▸ **How to complete this task**: Please give back, exactly as written, the lines from the line with "近日,足球推荐 多位教师获省" to the line with "MY PAGE| サラリーマンナイト強化月間である第5弾サラリーマンナイトは、スペシャル野球Dayとして実施します。" in the listing below, leaving out all pictures.

▸ **Records for this exercise**:
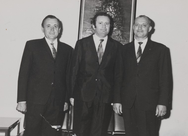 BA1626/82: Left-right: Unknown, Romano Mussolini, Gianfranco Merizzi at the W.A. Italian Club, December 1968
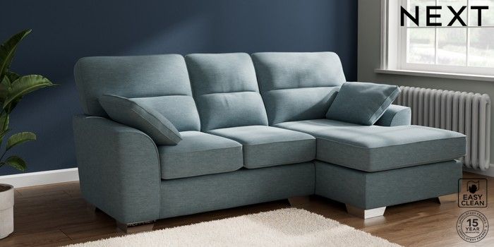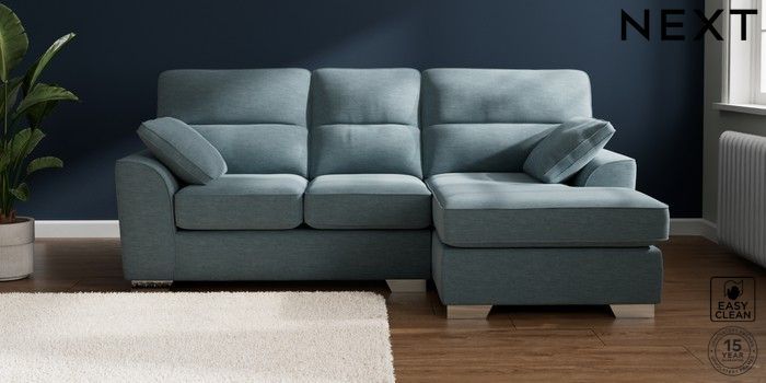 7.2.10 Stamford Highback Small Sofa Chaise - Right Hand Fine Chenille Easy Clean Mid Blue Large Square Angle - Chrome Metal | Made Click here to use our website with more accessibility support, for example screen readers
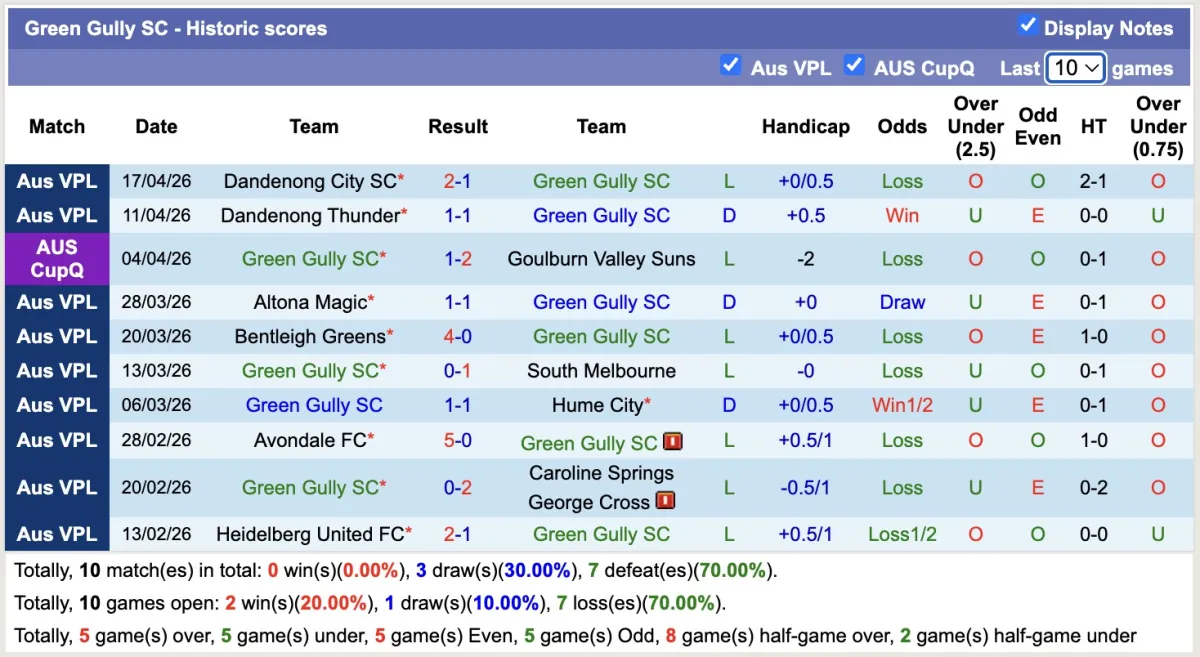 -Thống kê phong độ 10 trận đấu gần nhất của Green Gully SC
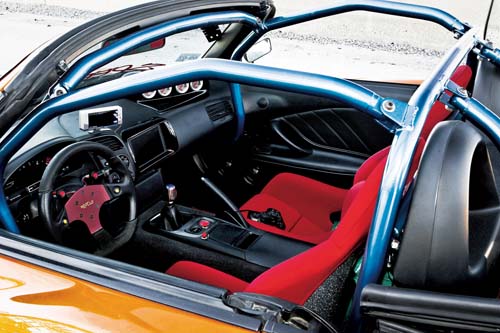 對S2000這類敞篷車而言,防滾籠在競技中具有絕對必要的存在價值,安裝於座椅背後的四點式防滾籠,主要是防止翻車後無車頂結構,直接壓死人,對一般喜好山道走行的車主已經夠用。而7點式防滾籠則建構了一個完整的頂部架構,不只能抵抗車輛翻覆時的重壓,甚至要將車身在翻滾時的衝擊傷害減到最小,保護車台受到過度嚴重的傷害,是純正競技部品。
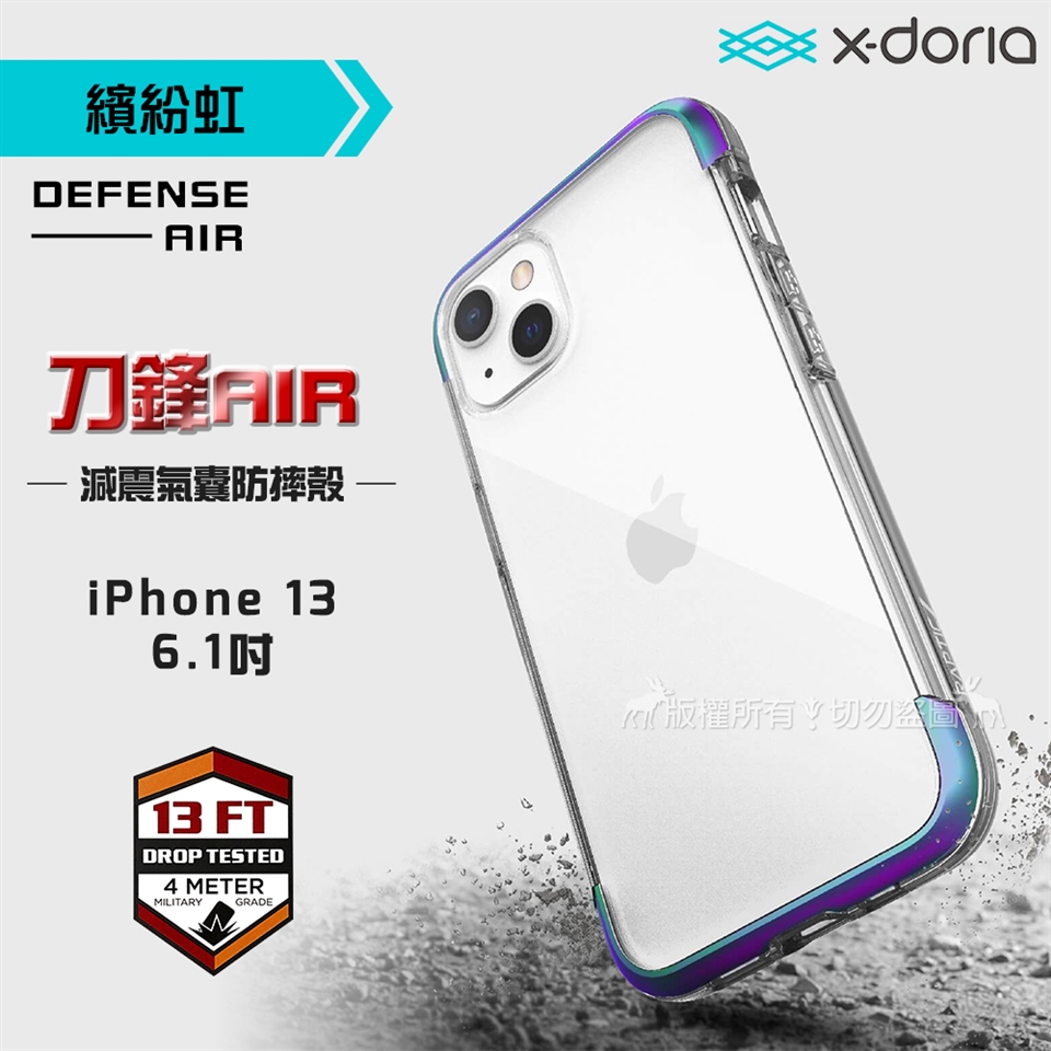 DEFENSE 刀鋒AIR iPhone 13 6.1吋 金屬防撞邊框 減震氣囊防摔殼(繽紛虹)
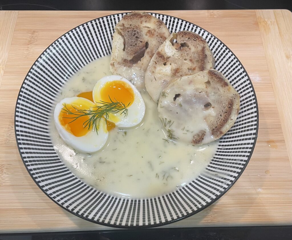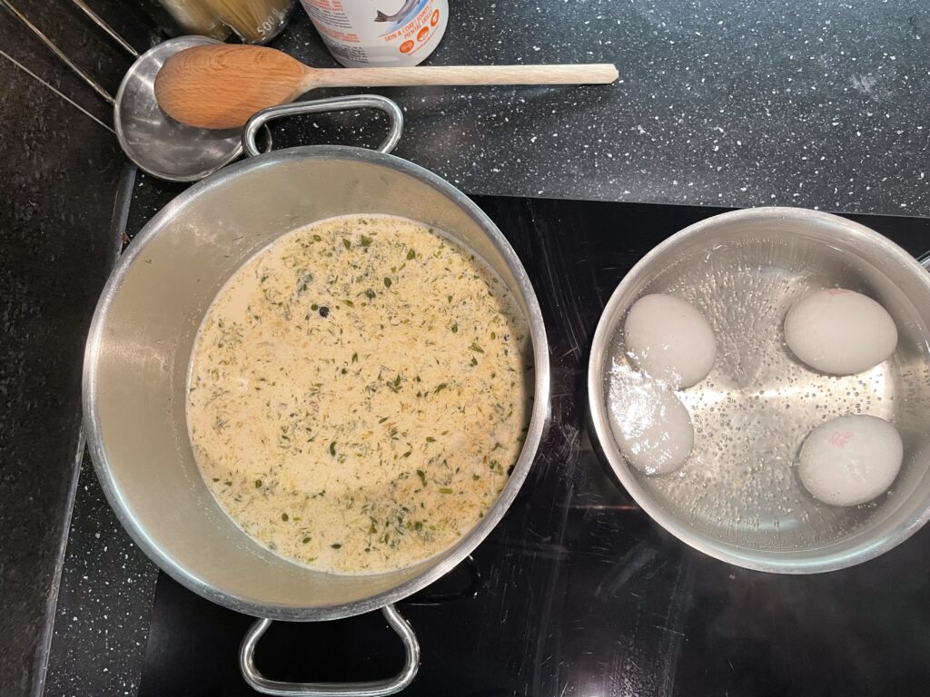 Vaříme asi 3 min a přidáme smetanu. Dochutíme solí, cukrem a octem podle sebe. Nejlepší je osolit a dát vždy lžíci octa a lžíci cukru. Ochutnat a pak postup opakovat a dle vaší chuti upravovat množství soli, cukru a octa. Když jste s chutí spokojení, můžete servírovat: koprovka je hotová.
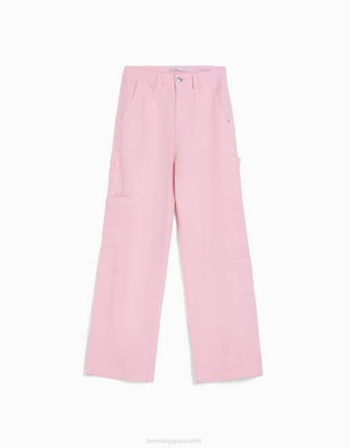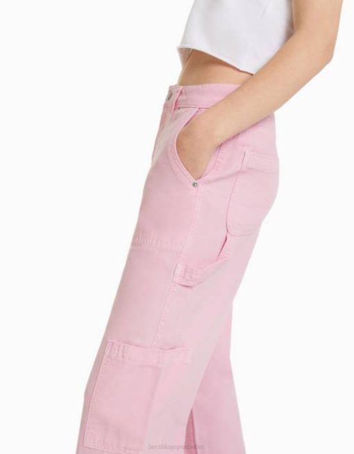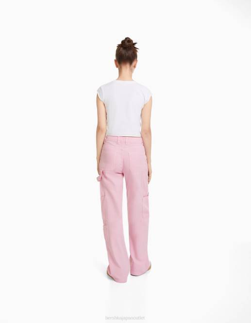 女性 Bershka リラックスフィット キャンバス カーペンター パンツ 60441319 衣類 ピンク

---

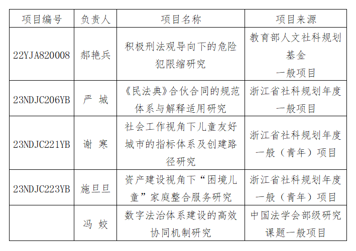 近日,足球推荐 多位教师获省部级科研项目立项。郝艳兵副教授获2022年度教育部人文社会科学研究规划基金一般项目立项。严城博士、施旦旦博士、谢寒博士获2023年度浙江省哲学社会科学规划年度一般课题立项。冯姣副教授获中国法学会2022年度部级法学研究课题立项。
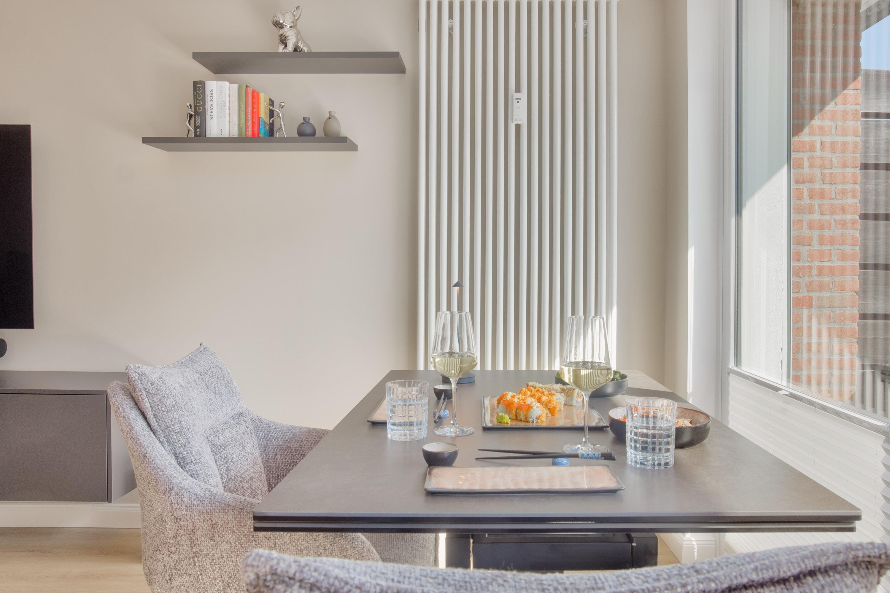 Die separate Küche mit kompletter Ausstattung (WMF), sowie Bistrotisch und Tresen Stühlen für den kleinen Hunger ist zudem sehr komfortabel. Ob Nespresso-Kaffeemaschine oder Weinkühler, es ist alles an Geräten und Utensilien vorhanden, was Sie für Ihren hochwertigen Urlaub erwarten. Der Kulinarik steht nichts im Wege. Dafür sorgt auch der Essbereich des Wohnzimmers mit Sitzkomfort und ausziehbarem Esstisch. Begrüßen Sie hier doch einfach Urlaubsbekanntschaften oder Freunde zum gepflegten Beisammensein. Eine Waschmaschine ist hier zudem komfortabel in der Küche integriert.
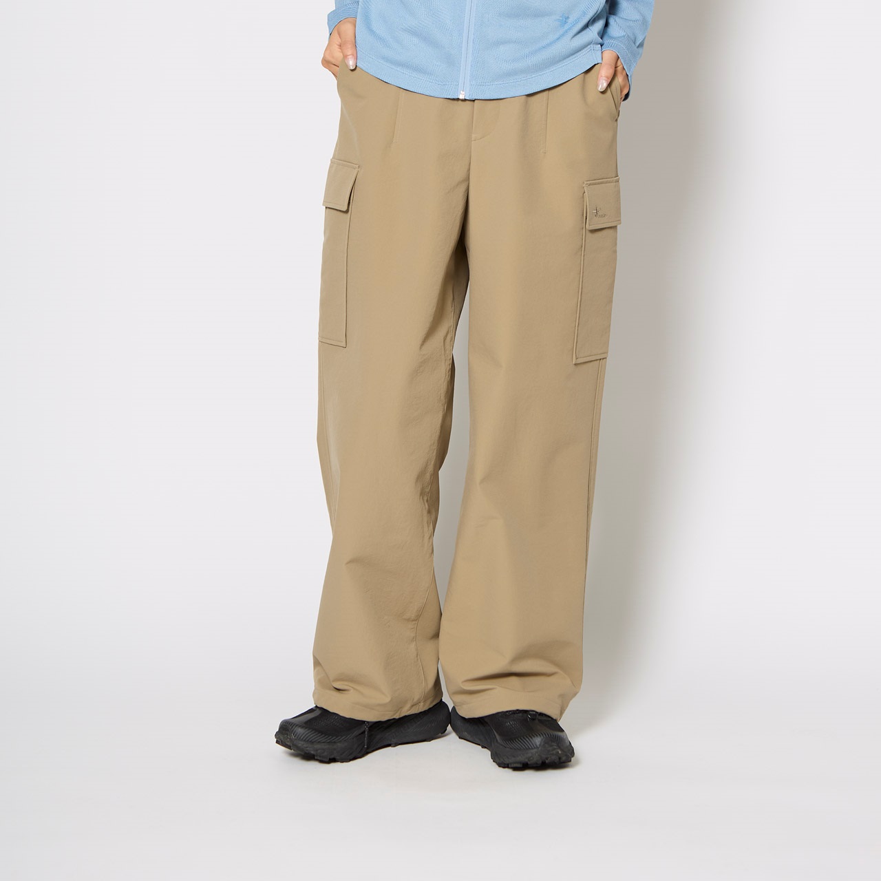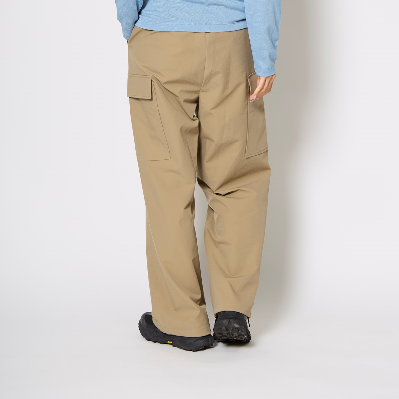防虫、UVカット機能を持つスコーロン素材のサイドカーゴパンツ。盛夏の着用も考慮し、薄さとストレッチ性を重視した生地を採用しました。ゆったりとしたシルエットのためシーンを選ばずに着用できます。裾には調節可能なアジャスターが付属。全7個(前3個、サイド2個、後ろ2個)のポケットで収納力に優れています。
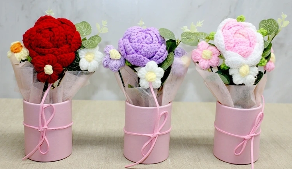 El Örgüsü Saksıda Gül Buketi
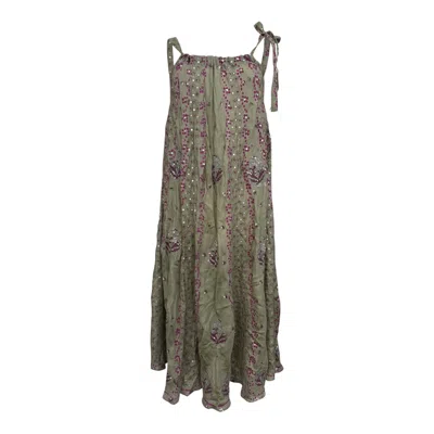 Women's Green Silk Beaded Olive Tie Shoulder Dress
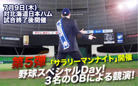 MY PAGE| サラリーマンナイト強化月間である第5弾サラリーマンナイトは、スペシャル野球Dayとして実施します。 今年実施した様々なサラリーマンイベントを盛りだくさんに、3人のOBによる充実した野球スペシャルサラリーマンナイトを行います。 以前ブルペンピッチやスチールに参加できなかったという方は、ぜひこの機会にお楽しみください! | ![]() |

==

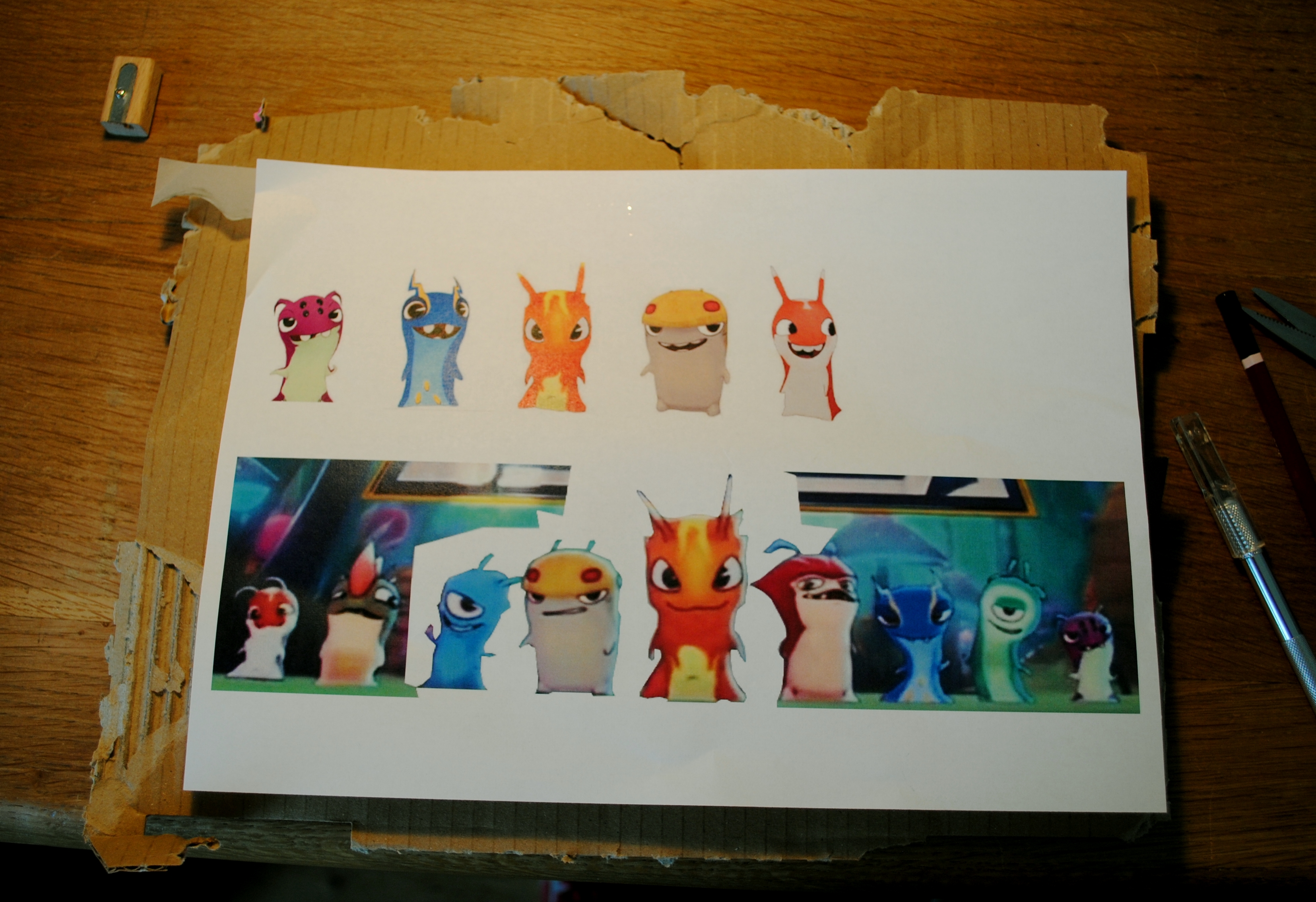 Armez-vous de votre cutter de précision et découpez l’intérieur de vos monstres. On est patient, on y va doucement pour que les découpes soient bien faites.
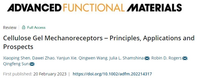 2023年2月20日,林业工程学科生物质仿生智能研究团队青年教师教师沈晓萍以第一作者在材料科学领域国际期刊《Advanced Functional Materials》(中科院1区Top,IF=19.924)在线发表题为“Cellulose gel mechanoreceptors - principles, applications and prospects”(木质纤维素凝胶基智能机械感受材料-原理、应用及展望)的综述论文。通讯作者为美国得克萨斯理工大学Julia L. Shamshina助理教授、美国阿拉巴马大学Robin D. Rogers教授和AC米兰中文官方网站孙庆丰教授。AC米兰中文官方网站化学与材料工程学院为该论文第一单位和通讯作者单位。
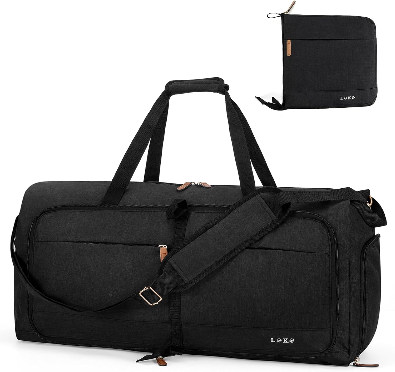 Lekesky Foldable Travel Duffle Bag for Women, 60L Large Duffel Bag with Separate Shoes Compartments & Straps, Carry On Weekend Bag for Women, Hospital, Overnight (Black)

▸ **Response to the task**:
 近日,足球推荐 多位教师获省部级科研项目立项。郝艳兵副教授获2022年度教育部人文社会科学研究规划基金一般项目立项。严城博士、施旦旦博士、谢寒博士获2023年度浙江省哲学社会科学规划年度一般课题立项。冯姣副教授获中国法学会2022年度部级法学研究课题立项。
 Die separate Küche mit kompletter Ausstattung (WMF), sowie Bistrotisch und Tresen Stühlen für den kleinen Hunger ist zudem sehr komfortabel. Ob Nespresso-Kaffeemaschine oder Weinkühler, es ist alles an Geräten und Utensilien vorhanden, was Sie für Ihren hochwertigen Urlaub erwarten. Der Kulinarik steht nichts im Wege. Dafür sorgt auch der Essbereich des Wohnzimmers mit Sitzkomfort und ausziehbarem Esstisch. Begrüßen Sie hier doch einfach Urlaubsbekanntschaften oder Freunde zum gepflegten Beisammensein. Eine Waschmaschine ist hier zudem komfortabel in der Küche integriert.
防虫、UVカット機能を持つスコーロン素材のサイドカーゴパンツ。盛夏の着用も考慮し、薄さとストレッチ性を重視した生地を採用しました。ゆったりとしたシルエットのためシーンを選ばずに着用できます。裾には調節可能なアジャスターが付属。全7個(前3個、サイド2個、後ろ2個)のポケットで収納力に優れています。
 El Örgüsü Saksıda Gül Buketi
 Women's Green Silk Beaded Olive Tie Shoulder Dress
 MY PAGE| サラリーマンナイト強化月間である第5弾サラリーマンナイトは、スペシャル野球Dayとして実施します。 今年実施した様々なサラリーマンイベントを盛りだくさんに、3人のOBによる充実した野球スペシャルサラリーマンナイトを行います。 以前ブルペンピッチやスチールに参加できなかったという方は、ぜひこの機会にお楽しみください! | ![]() |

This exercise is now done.